SUPPLIED RECORDS
▬▬▬
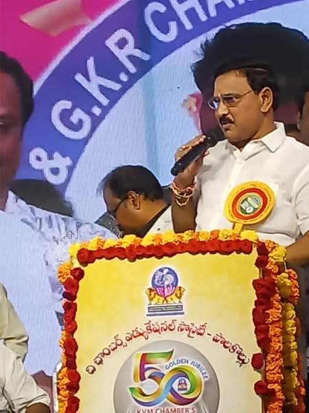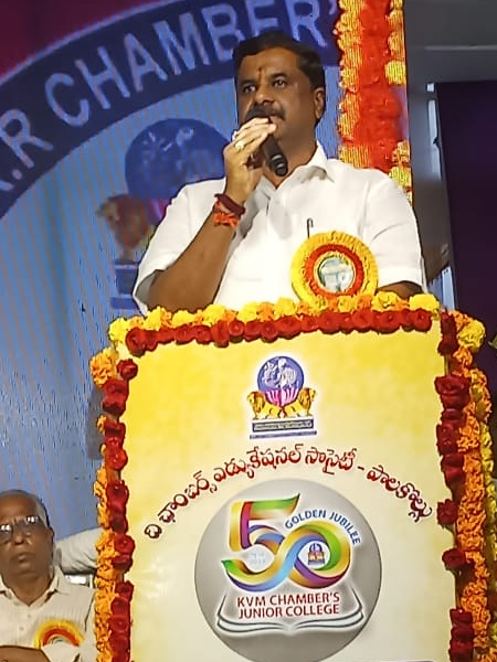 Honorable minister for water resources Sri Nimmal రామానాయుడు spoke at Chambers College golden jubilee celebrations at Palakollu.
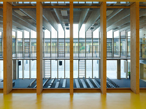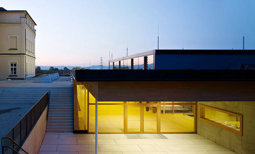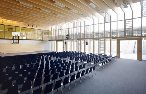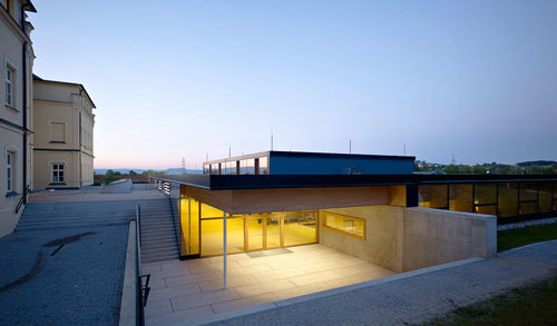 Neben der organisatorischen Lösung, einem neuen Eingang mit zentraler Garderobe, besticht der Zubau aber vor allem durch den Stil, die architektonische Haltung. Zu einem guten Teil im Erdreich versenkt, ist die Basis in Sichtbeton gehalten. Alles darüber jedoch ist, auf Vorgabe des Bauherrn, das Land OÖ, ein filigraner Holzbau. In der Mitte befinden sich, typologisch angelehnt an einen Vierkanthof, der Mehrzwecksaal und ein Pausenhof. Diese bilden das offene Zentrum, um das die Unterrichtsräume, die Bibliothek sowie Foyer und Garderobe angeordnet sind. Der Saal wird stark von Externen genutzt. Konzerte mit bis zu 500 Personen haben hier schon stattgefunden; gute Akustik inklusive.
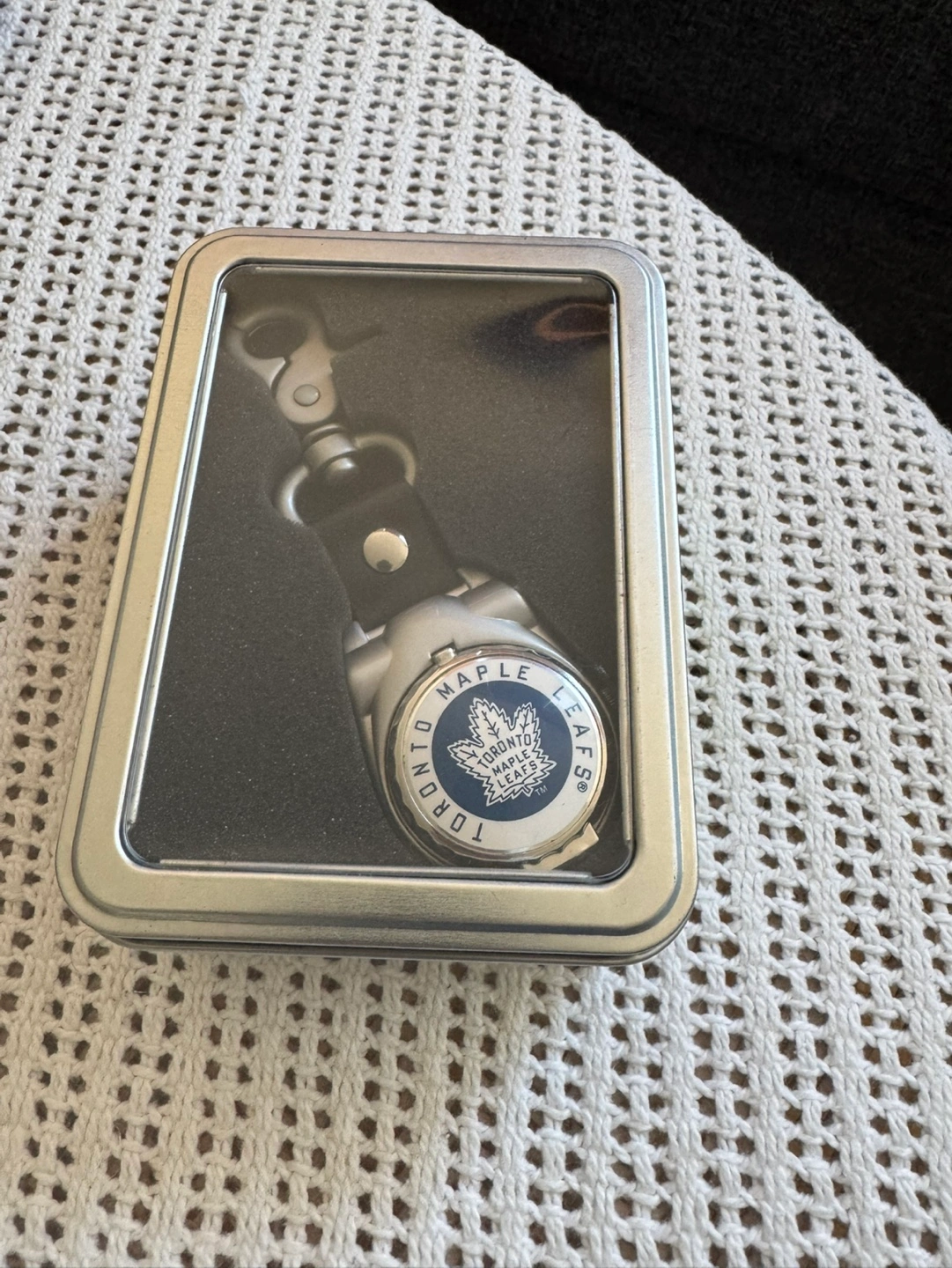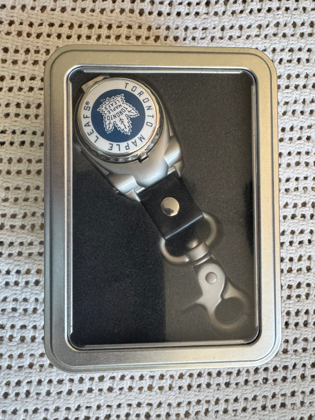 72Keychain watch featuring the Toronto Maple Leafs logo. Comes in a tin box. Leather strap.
▬▬▬
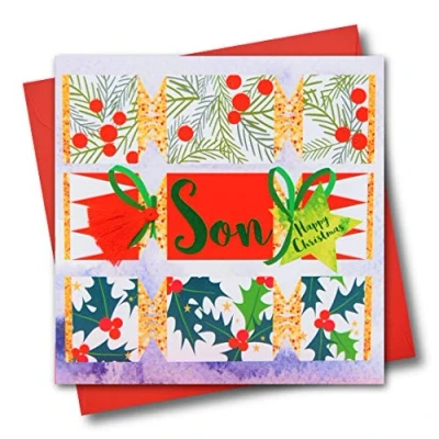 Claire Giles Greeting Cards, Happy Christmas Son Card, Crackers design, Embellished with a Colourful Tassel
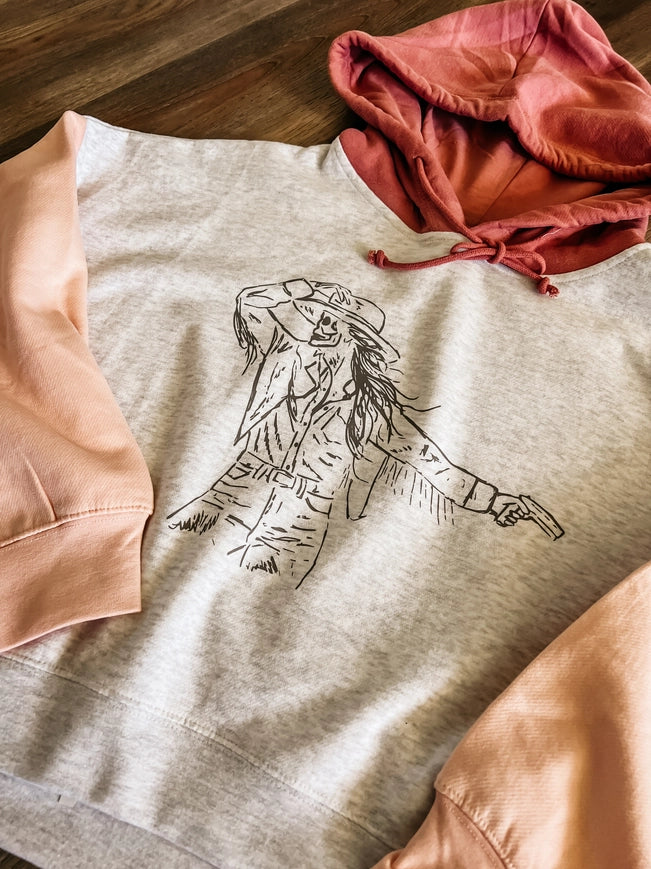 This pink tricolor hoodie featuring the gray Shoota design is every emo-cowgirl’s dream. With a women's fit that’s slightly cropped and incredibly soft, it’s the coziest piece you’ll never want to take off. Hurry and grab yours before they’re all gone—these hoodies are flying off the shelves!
▬▬▬
Starting at the line with "Honorable minister for" in the entries above, write out every line exactly until the line with "72Keychain watch featuring" has been written. Include no pictures and nothing more.

 Honorable minister for water resources Sri Nimmal రామానాయుడు spoke at Chambers College golden jubilee celebrations at Palakollu.
 Neben der organisatorischen Lösung, einem neuen Eingang mit zentraler Garderobe, besticht der Zubau aber vor allem durch den Stil, die architektonische Haltung. Zu einem guten Teil im Erdreich versenkt, ist die Basis in Sichtbeton gehalten. Alles darüber jedoch ist, auf Vorgabe des Bauherrn, das Land OÖ, ein filigraner Holzbau. In der Mitte befinden sich, typologisch angelehnt an einen Vierkanthof, der Mehrzwecksaal und ein Pausenhof. Diese bilden das offene Zentrum, um das die Unterrichtsräume, die Bibliothek sowie Foyer und Garderobe angeordnet sind. Der Saal wird stark von Externen genutzt. Konzerte mit bis zu 500 Personen haben hier schon stattgefunden; gute Akustik inklusive.
 72Keychain watch featuring the Toronto Maple Leafs logo. Comes in a tin box. Leather strap.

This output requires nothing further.